Geen hoor en wederhoor
Anders dan de RA stelt heeft hij in zijn rapport wel degelijk conclusies getrokken. Ook heeft hij in het rapport niet met zoveel woorden opgenomen dat sprake is van een partij(deskundigen)rapport . Nu het rapport ook mocht worden gebruikt in een gerechtelijke procedure en kenmerken van een persoonsgericht onderzoek vertoont, had het op de weg van betrokkene gelegen om in elk geval de dga te horen, oordeelt de Accountantskamer.
De RA heeft afgezien van hoor en wederhoor, omdat hij niet betrokken wilde raken bij discussies tussen partijen. Ter zitting heeft hij verklaard dat hij niet in het conflict verzeild wilde raken.

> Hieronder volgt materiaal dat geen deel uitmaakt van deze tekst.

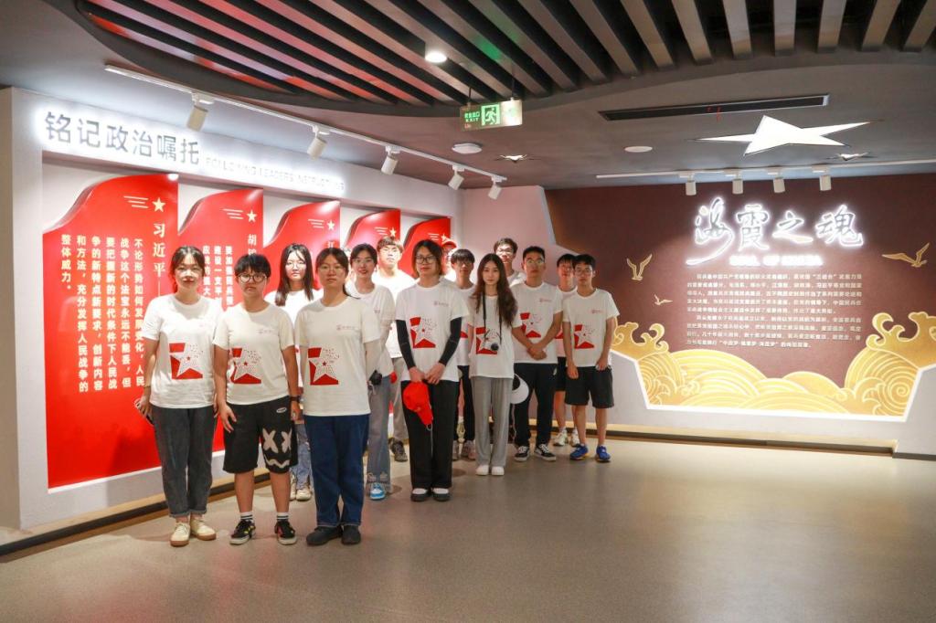 在民兵连纪念馆,实践队瞻仰了民兵连前辈们的雕像,被“巾帼不让须眉”的女子英雄气概所折服,深刻感受了女子民兵连始终听党话、跟党走,向祖国交出无愧于历史的时代答卷的责任担当,沉浸式学习了“海霞”们“爱军尚武、吃苦耐劳、乐于奉献、永葆本色”的崇高精神。参观完民兵连纪念馆,接受海霞精神的精神洗礼后,实践队员们立即投入到海霞精神的弘扬、宣讲之中。全体实践队员化身“海霞精神线上宣讲员”,从医学生的角度对新时代海霞精神进行新的讲述、新的传承。面对鲜红的党旗,实践队员们用行动表明自己牢记总书记嘱托、勇担时代使命、弘扬海霞精神、践行“医者仁心”的决心和意志。

Hieruit blijkt dat de accountant, hoewel hij op de zitting heeft verklaard dat in zijn visie sprake was van een “slap” rapport zonder bewijskracht, toch tegengas en “gedoe” verwachtte naar aanleiding van zijn rapportage.
De Accountantskamer is van oordeel dat juist onder dergelijke omstandigheden het toepassen van hoor en wederhoor aangewezen is. Van bijzondere omstandigheden om dat niet te doen, is niet gebleken. Mogelijke discussie over de inhoud van het rapport, valt daar in elk geval niet onder. Dit geldt eens te meer nu de RA bij zijn werkzaamheden alleen kennis heeft genomen van stukken afkomstig van de provincie en alleen heeft gesproken met de advocaten van de provincie en met een andere accountant, die ook opdrachten voor de provincie uitvoerde. Al met al mist het rapport een deugdelijke grondslag, concludeert de Accountantskamer.
Berisping
De Accountantskamer vindt de maatregel van berisping passend en geboden. Daarbij is in aanmerking genomen dat de RA door het niet toepassen van hoor en wederhoor het fundamentele beginsel van vakbekwaamheid en zorgvuldigheid niet heeft nageleefd. Dit klemt te meer nu betrokkene ervan op de hoogte was dat zijn rapportage zou kunnen worden gebruikt ten behoeve van een gerechtelijke procedure tegen de dga van de vervoerder. In het voordeel van de RA laat de Accountantskamer meewegen dat hij heeft erkend dat hij bij de uitvoering van de opdracht een aantal fouten heeft gemaakt en dat hij hieruit lering heeft getrokken.